On the hunt for precious Opal gemstones, scientists have revealed a new dinosaur species, representing the first evidence of a dinosaur herd in Australia. The new dinosaur species found in the glimmering fossil makes the most complete opalized dinosaur skeleton in the world.
The fossilized dinosaur herd was discovered in the 1980s by opal miner Bob Foster in the Sheepyard opal field. Some of the bones were taken to the Australian Museum in Sydney where paleontologists identified them. A party of researchers returned to the site to help excavate the rest of the fossils. The researchers managed to uncover more than 60 fossils.
The fossils were displayed at the Australian Museum for a few years, and then were later loaned to the Australian Opal Centre. His children donated the fossils to the center in 2015 officially, which is when the scientific research began.

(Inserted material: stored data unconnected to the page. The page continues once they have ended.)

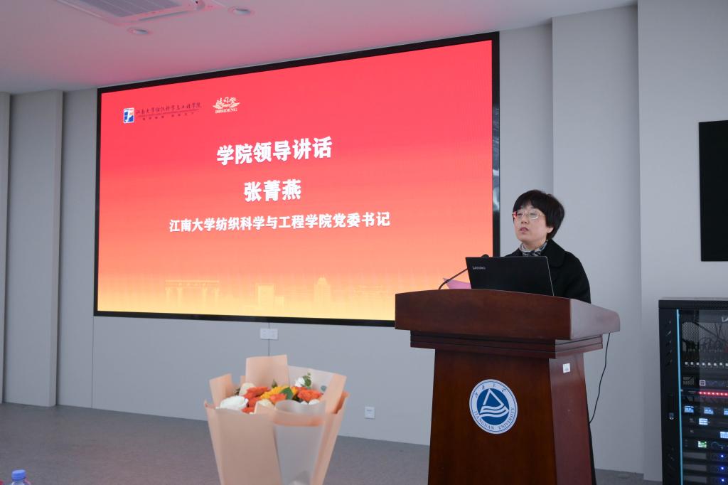 最后,张菁燕总结讲话,她代表学院向波司登的捐赠表示衷心感谢,同时也向在场的嘉宾及同学们介绍了学院及近年来学院取得的成绩。她希望同学们在未来的发展中常怀创新发展的进取之心、以责为帆的担当之心、饮水思源的感恩之心,勇于实践,敢于创新,为中国纺织行业发展贡献自己的青春智慧。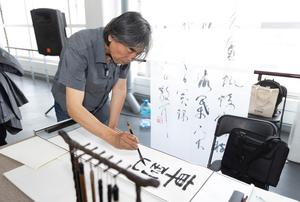 (250504) -- CIUDAD DE MEXICO, 4 mayo, 2025 (Xinhua) -- Imagen del 3 de mayo de 2025 de un calígrafo chino realizando caligrafía en una exposición de caligrafía china, en la Ciudad de México, capital de México. El sábado se inauguró aquí una exposición de caligrafía china en el marco del Salón Cultural "Lanting". Lanting, o el Pabellón de la Orquídea, fue famoso por el Prefacio de Lanting, una de las obras maestras del calígrafo Wang Xizhi, durante la dinastía Jin del Este (316-420). Wang es considerado por generaciones posteriores como el Santo de la Caligrafía. (Xinhua/Li Mengxin) (rtg) (oa) (da)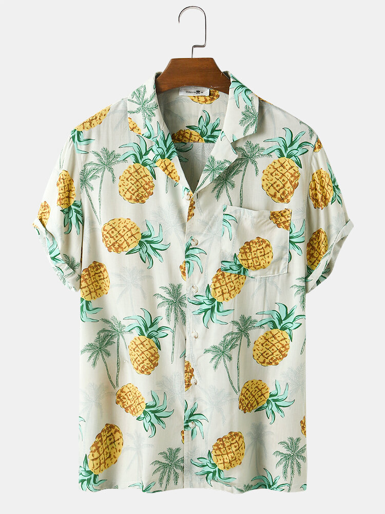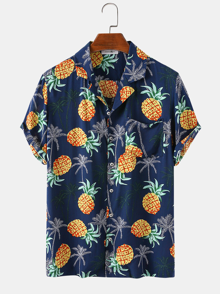 Mens Casual Pineapple Print Tropical Breathable Short Sleeve Shirts – Navy 2XL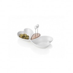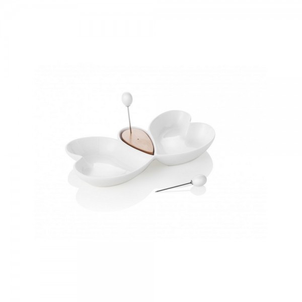 L’antipastiera cuor di butterfly firmata Brandani è ideale per abbellire la tavola e per servire salatini e stuzzichini ai propri ospiti. Fornita di due forchettine in acciaio inox è realizzata nel pregiato materiale della porcellana ed è rifinita con il bamboo.

Paleontologist Phil Bell at the University of New England, Armidale found that the glimmering fossils belong to a new dinosaur species. However, while examining the bones in the fossil, Bell and his team found that there were more than just one dinosaur.

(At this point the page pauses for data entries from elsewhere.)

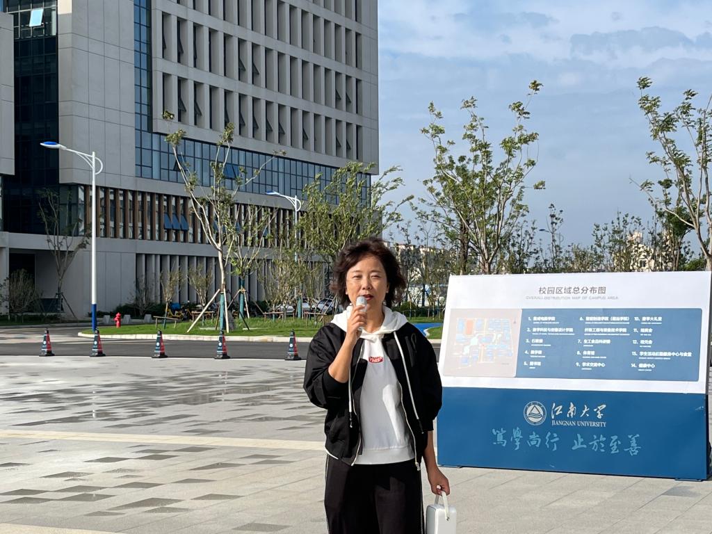 江阴校区管理办公室主任王珏首先介绍了江阴校区的建设情况、学院入驻情况、功能布局和建设愿景等。江阴校区自今年正式启用以来,已有四个学院1700多名学生入驻,目前,各项教学、管理工作运行有序。接着,在王珏和校区管理办公室老师的带领下,各支部党员集中观看了江阴校区建设宣传片,深入参观了图书馆并俯瞰了校园全景。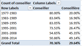 A most interesting and emphatic incline toward gender-count parity informs the table. Remember, however, that the above accords multiple counts to the same conseillers serving across multiple mandatures; if you want to break out discrete, actual conseillers by gender, then, the process gets trickier, because if you go with:
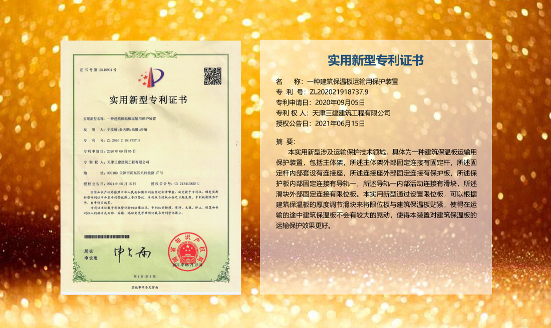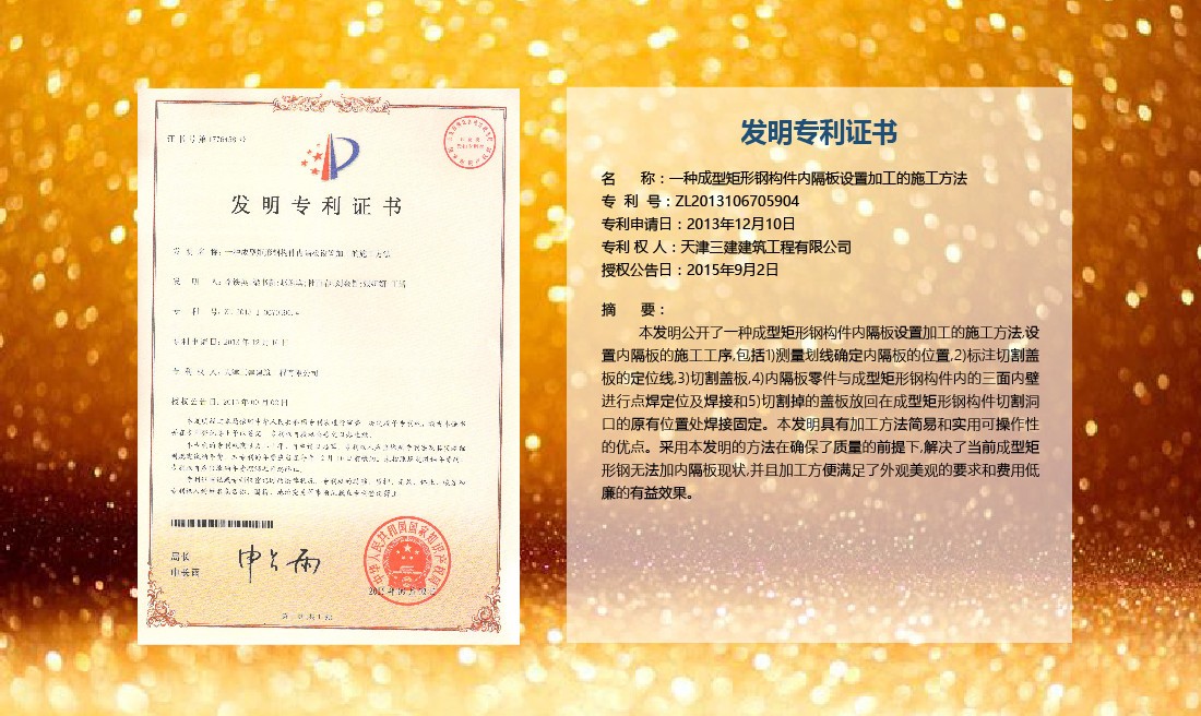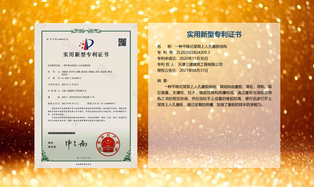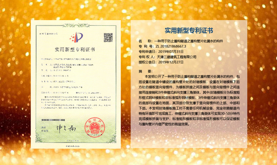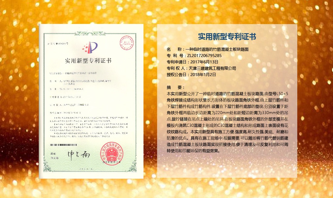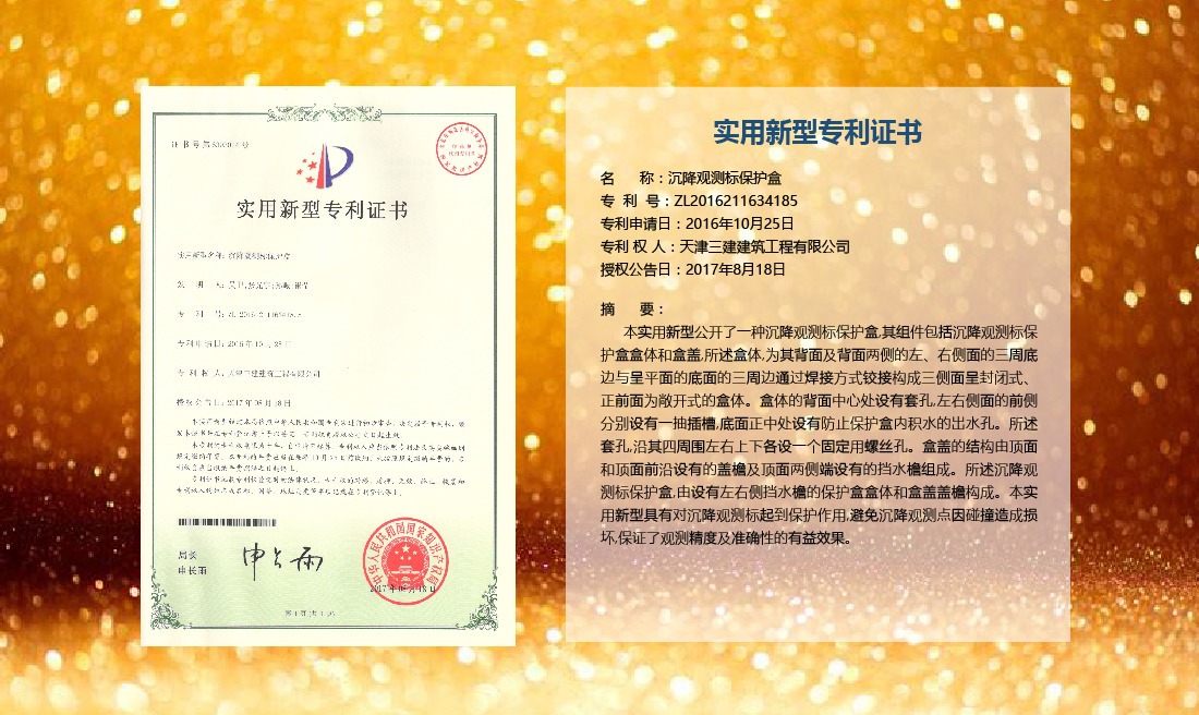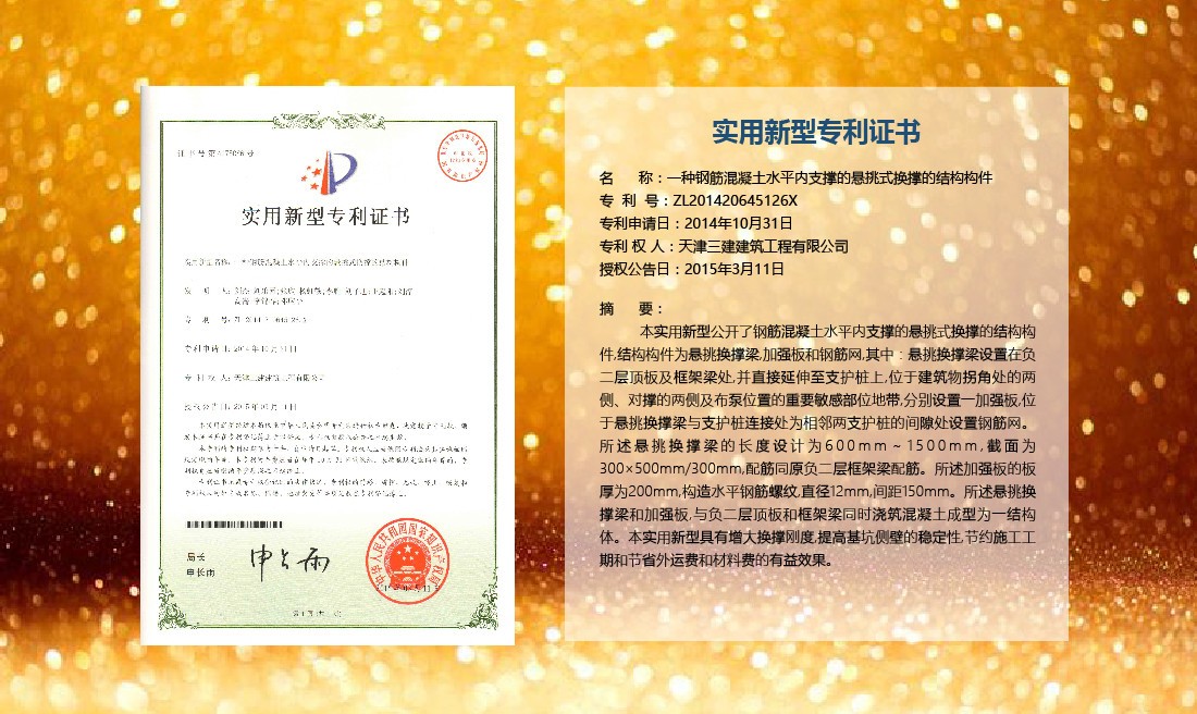 三建公司在總結施工經驗的基礎上,不斷發明創新,共獲得國家知識產權局授權專利71項,其中,國家發明專利12項,國家實用新型專利59項。囊括建筑、市政、巖土、道橋等多領域,凝聚了公司廣大工作人員的寶貴智慧和工程建筑者們的辛勤汗水。

“We initially assumed it was a single skeleton, but when I started looking at some of the bones, I realised that we had four scapulae (shoulder blades) all from different sized animals,” Bell said in a statement about the study published in the Journal of Vertebrate Paleontology on Monday. “There are about 60 opalised bones from one adult dinosaur, including part of the braincase, and bones from at least another three animals.”
They named the new dinosaur species Fostoria dhimbangunmal, to credit Bob Foster’s discovery of the fossil, while the species name translates to “sheepyard” in the Yuwaalaraay language, which was widely spoken by people who lived in New South Wales in the past.
The fossils revealed that the new dinosaur species was a herbivore which used its hind legs for movement, belonging to a dinosaur group called iguanodons. They found parts of four Fostoria skeletons which include younger dinosaurs, as well as adults which could likely be around 16 feet long. Researchers believe the glimmering fossils represent a family of dinosaurs or a small herd.
“Fostoria has given us the most complete opalised dinosaur skeleton in the world. Partial skeletons of extinct swimming reptiles have been found at other Australian opal fields, but for opalised dinosaurs we generally have only a single bone or tooth, or in rare instances, a few bones,” said Jenni Brammall, study author, paleontologist and special projects officer of the Australian Opal Centre. “To recover dozens of bones from the one skeleton is a first.”
Opal can be found in any color in the visible electromagnetic spectrum, with the vast majority of opal in the world being mined in the Australian outback. Opal forms in rock cavities, which means that when a bone gets buried in sand or clay and becomes a stone after some time, opal creates a “copy.”